Человек без кожи

     Июньское солнце ярко светило в глаза, не давая Ваньке понежиться в постели. Поворочавшись немного, он быстренько вскочил с кровати и выбежал на улицу. Утренняя свежесть сразу разогнала остатки сна, будто его и не было.
     Ванька бегом побежал к собачьей будке, но навстречу, по закону подлости, голенасто покачиваясь из стороны в сторону, шёл его недруг - самый противный петух. Косясь на Ваньку красными глазами, он медленно приближался к мальчишке, готовый броситься на него в любую секунду.
     Посмотрев под ноги, пацан подобрал небольшую щепку и кинул в петуха. Взмахнув крыльями, пернатый бандит взлетел на забор и с видом победителя загорланил на весь двор победную песню. Лохматый пёс по кличке Пират весело замахал хвостом, увидев сына хозяина.
     Ванька ласково погладил его по голове. Пёс, встав на задние лапы, лизнул его в лицо. Немного поиграв с Пиратом, мальчуган пошёл завтракать. Отец, сидя на крыльце, наводил щеткой и кремом блеск на туфли. Он любил, чтобы обувь была отполирована до сияния. -
   - Сынок, сегодня мы с тобой пойдём автобус встречать. Дядя Миша приедет в гости. Ванька обрадовался, он давно хотел увидеть своего дядю, прошедшего войну и выжившего в немецком плену. Ванька сейчас был на летних каникулах, он перешёл во второй класс, и времени у него было – хоть отбавляй.
     Целый день провести с дядькой, который прошёл дорогами  войны, послушать его рассказы про немцев, ему было очень интересно.
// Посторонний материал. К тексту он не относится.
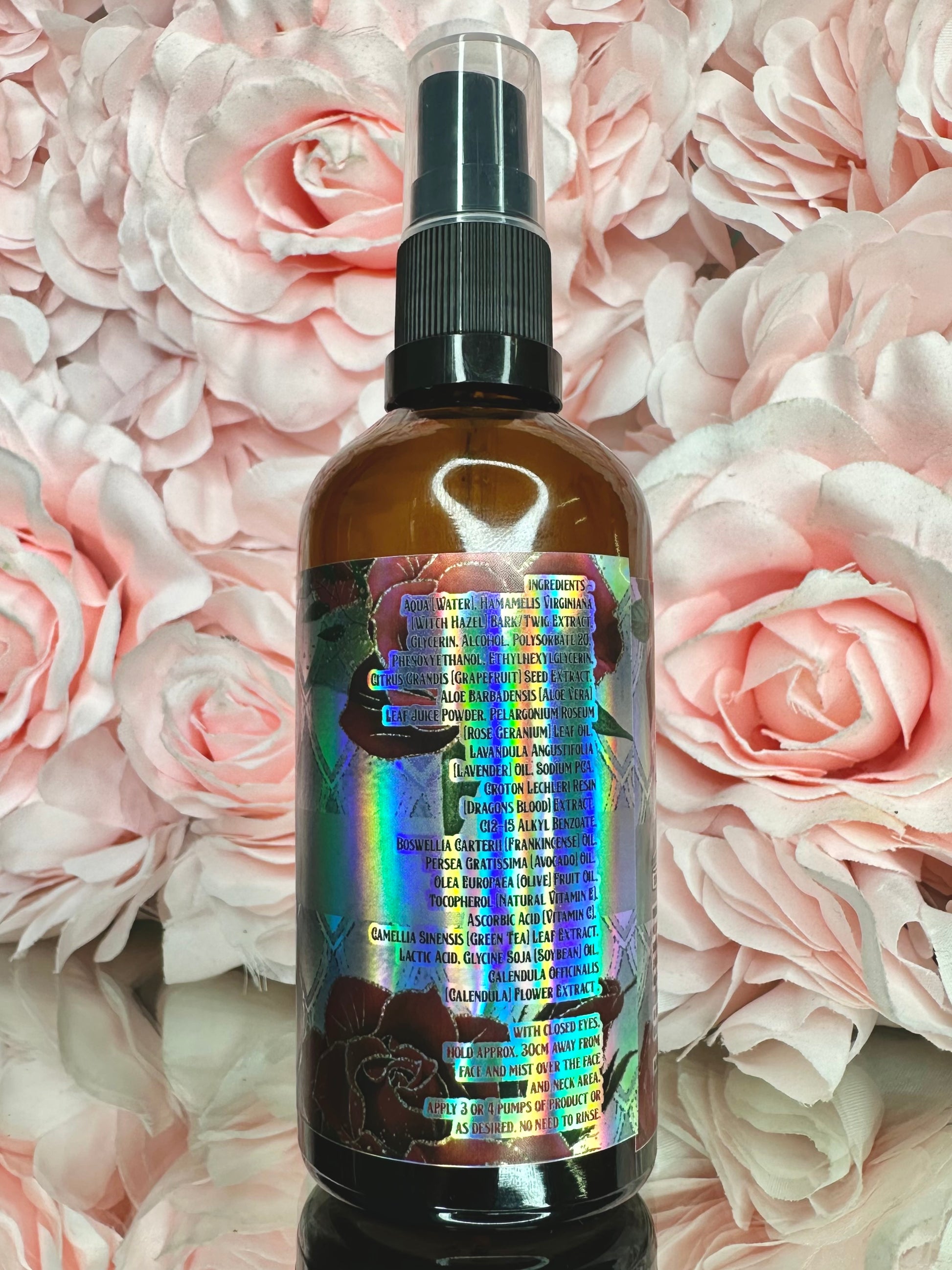 Directions: Spritz around the face avoiding the eye area, use as required with no need to rinse.

Время до прибытия автобуса двигалось медленно, пацану казалось, что стрелки часов замерли и не двигаются, он даже хотел их немного подкрутить. Но вот, наконец-то, часы пробили десять, и отец с сыном, принарядившись в новые рубахи, вышли на улицу. Ждали минут десять на остановке, пока не услышали гул мотора приближающнгося автобуса «ЛИАЗа» в начале деревенской улицы.
     Зашипев воздухом, двери открылись, и из салона стали выходить люди. Последним вышел дядя Миша – высокий седой человек, одетый в серый костюм и белую рубаху с наглухо застёгнутым воротом. Протянув друг другу руки, отец с дядькой обнялись. Видно было, что они рады встрече. Голос у родственника был хрипловатый, но какой-то тёплый и приятный. -
   - Здорово, племяш, - произнёс он. – Вырос за пять-то лет... Рука у дяди Миши была совершенно белая, без признаков загара. Маленькая ладошка Ванюши утонула в большой, но, почему-то прохладной ладони родственника. Втроём они зашли в магазин, где взрослые прикупили продуктов, а Ваню обрадовали леденцами монпансье в круглой железной баночке.
     Выйдя из магазина, сразу поспешили домой; мальчишка, стараясь идти рядом, почти бежал, боясь отстать от отца и дядьки. Зайдя во двор, взрослые устроились на лавочке, стоявшей в тени старой раскидистой черёмухи. Достав пачку папирос «Север», отец предложил закурить и дяде Мише. Дым от папирос медленно поднимался вверх, исчезая в широких зелёных листьях.
     Ванька уселся на крыльце и, взяв в руки сапожный нож отца, тщательно выстругивал из дощечки деревянный меч. Через пол-часа на обед пришла Ванькина мама, достав з сумки что-то очень вкусно пахнущее, и вызывающее аппетит.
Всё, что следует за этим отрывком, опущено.